Sounds wise.  No reason we can't look at the overall heuristics they're 
using for when this optimization ought to fire.

>>
>> From a correctness standpoint, one of the interesting tests would
>> be to turn off all tuning -- ie, always convert if it's supposed to
>> be possible.  Then throw as much code as possible at it and see if
>> anything breaks.  Also a good time to instrument so that you can
>> then build testcases from real-world code.
>
> I did such testing previously for SPEC.
Excellent to hear.

 >  Now I also tried it for
> bootstrap and found issue with EH edges.  Fixed it in a new version.


When you track down the bootstrap failure, you might consider adding a
test for whatever went wrong to the suite if it's feasible.


>
> Thanks a lot for your review!
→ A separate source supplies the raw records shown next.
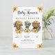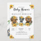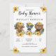Inbjudan till babyskor för solrosträd | Mall för inbjudan att bjuda på babydusch för trädjur i temat babydusch för gender-neutralt innehåller en handritad illustration av häcken, hjort, uggla, tvättbjörn, sjöutter och mycket mer.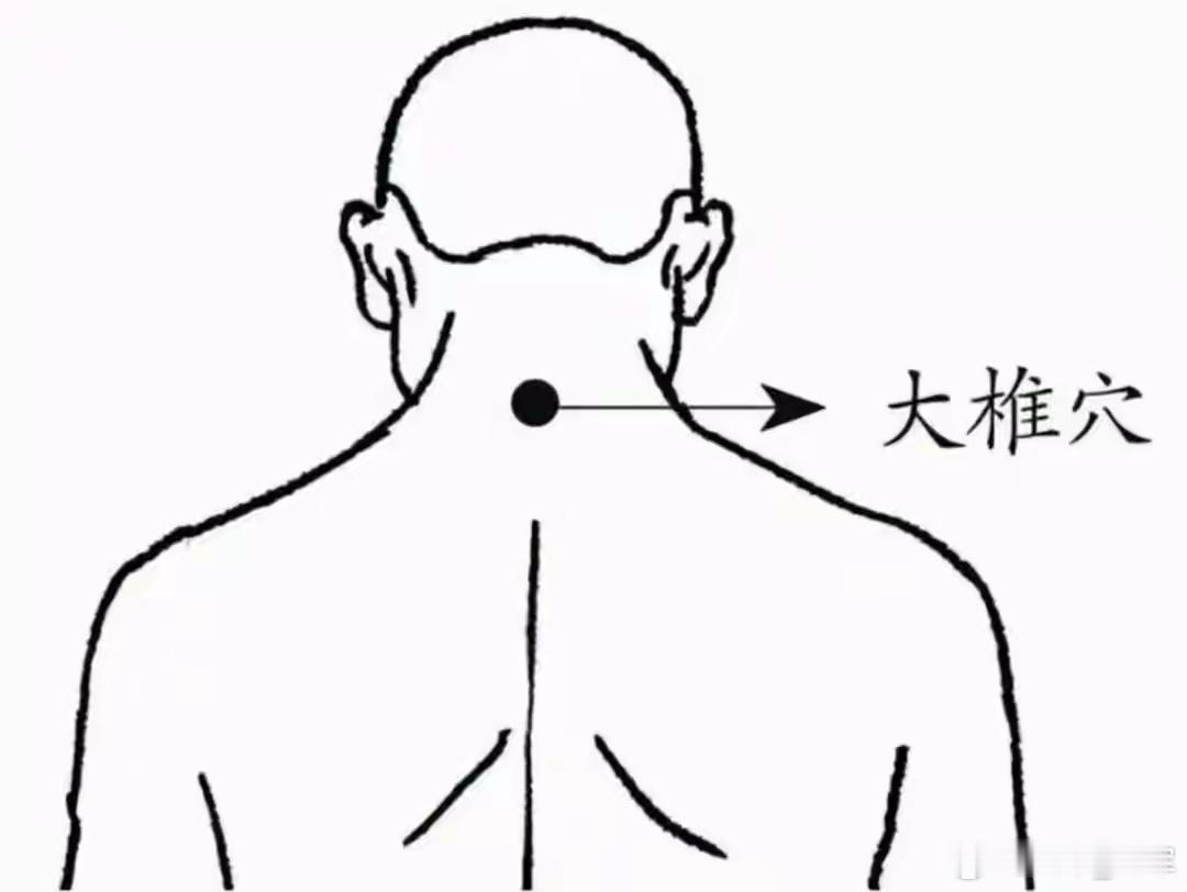 【位置】正坐低头,用手摸颈后高骨(第七颈椎)的凹陷处就是大椎穴。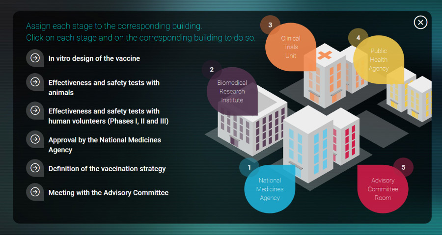 Recurso educativo interactivo desarrollado en html5 para IrsiCaixa y EduCaixa.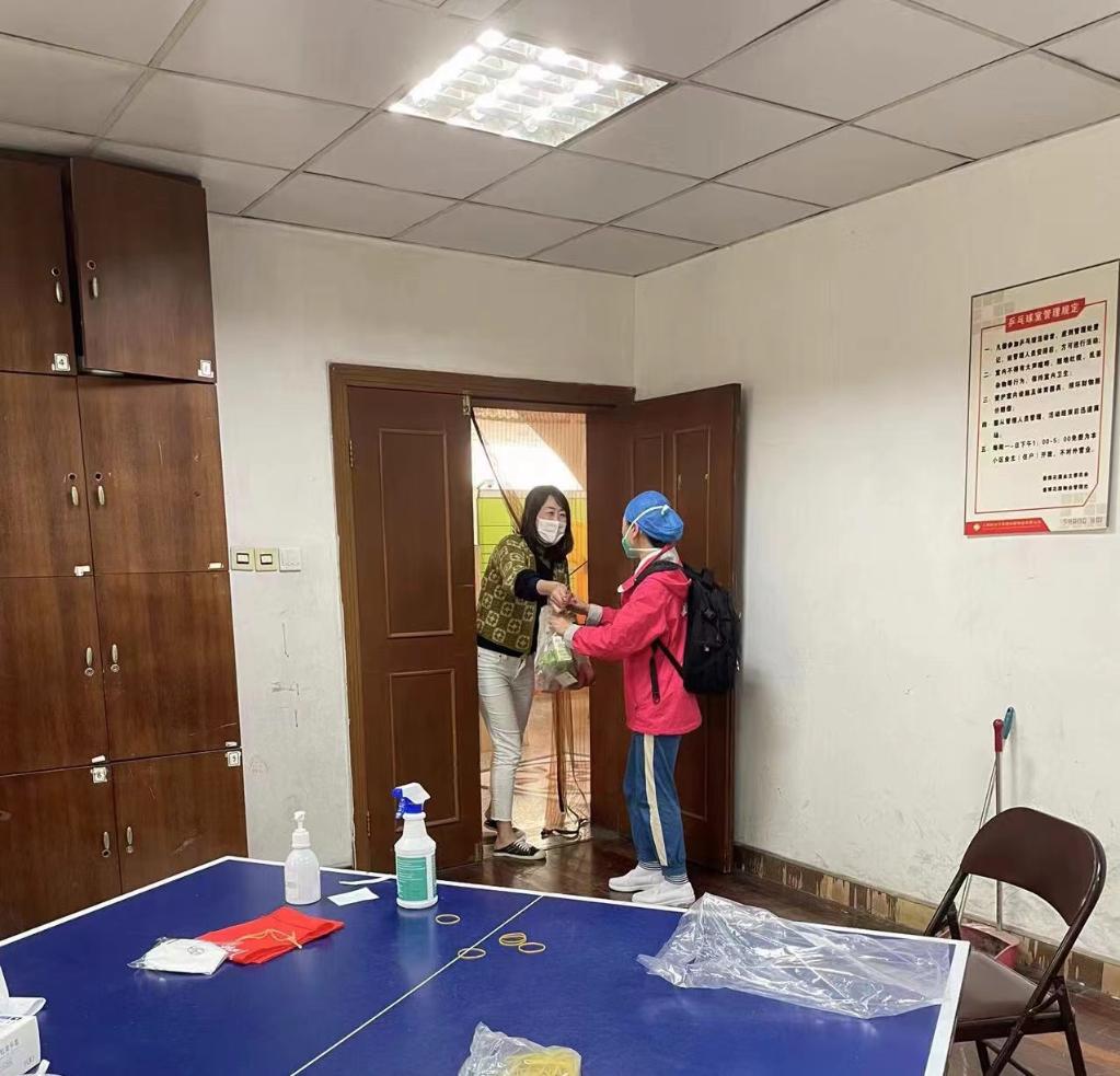 社區居民為即將離開(kāi)的醫務(wù)人員送來(lái)水果等物資。(受訪(fǎng)者供圖)
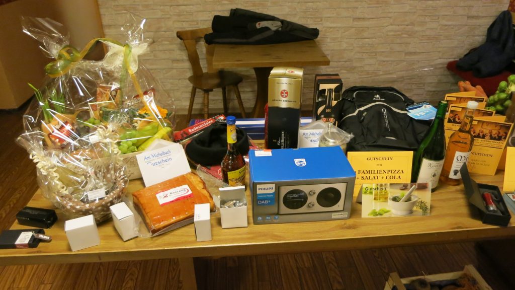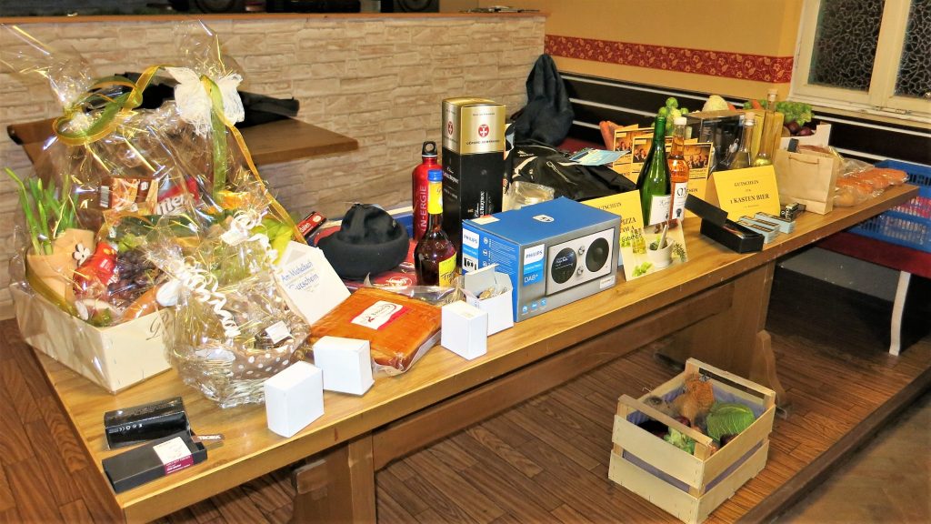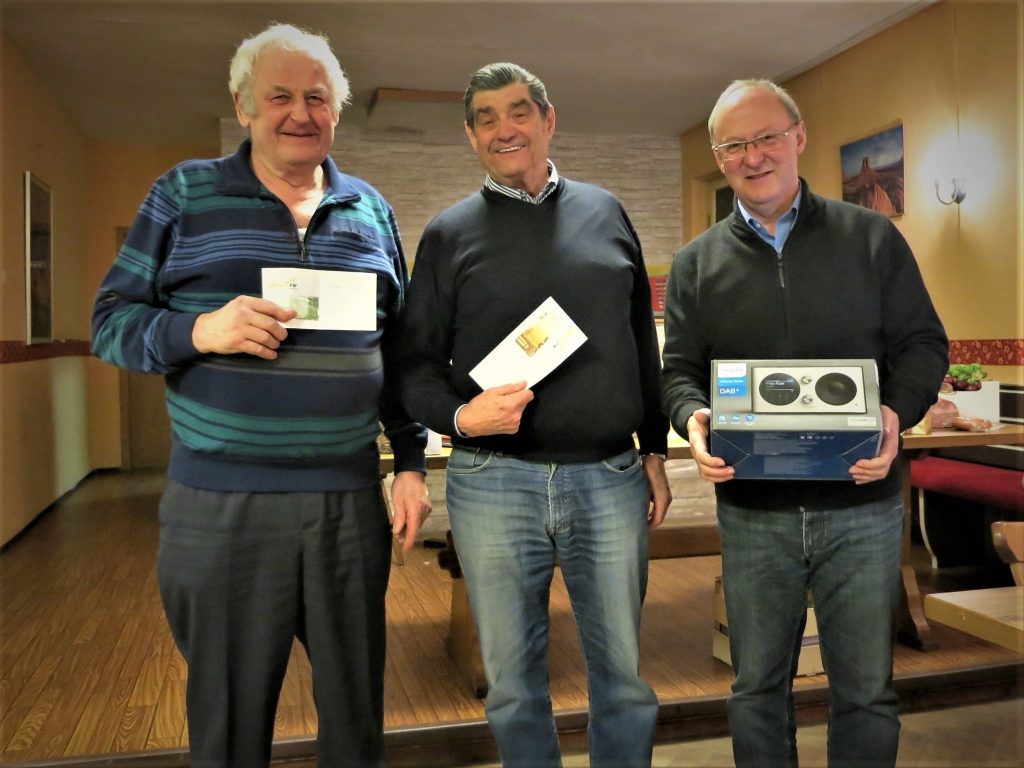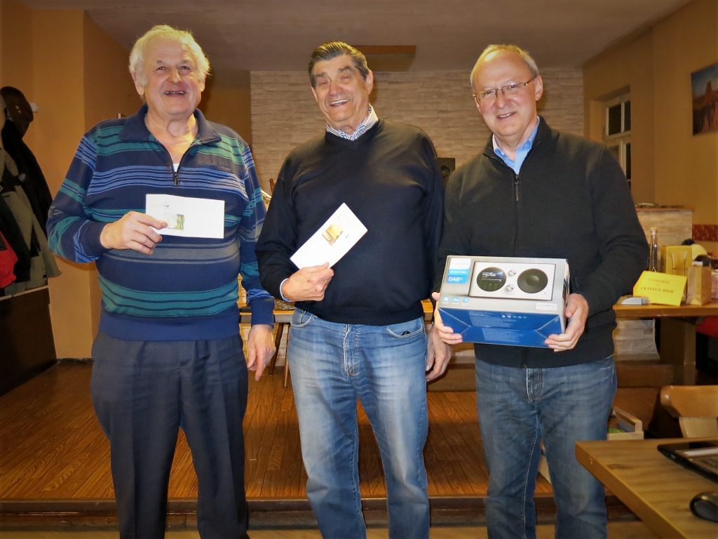 Kein Teilnehmer ging ohne einen Preis nach Hause. Den ersten Preis (100 Euro) gewann Franz Hartstock (585 Punkte), der zweite Sieger Herbert Jäger (550 Punkte) nahm ein Digitalradio mit, und der dritte Sieger Manfred Schmidt (530 Punkte) entschied sich für 50 Euro in bar. Darüber hinaus gab es einen Geschenkekorb, „Steigla“ mit frischem Gemüse, Schinken und Wurstwaren, alkoholische Getränke und diverse Gutscheine. Den Ring Stadtwurst für den vorletzten Platz erhielt die einzige weibliche Teilnehmerin Edeltraud Ritzke, mit immerhin 295 Punkten

Here is an updated version. Bootstrap
> is OK. Regression testing shows a fail in gcc.dg/lower-subreg-1.c. It
> happens because ior:DI is a subject for a new optimization and is not
> lowered by subreg pass. I see test had multiple modifications to be
> disabled on different targets. Will it actually be tested anywhere if
> I disable it for i386? Probably remove the test?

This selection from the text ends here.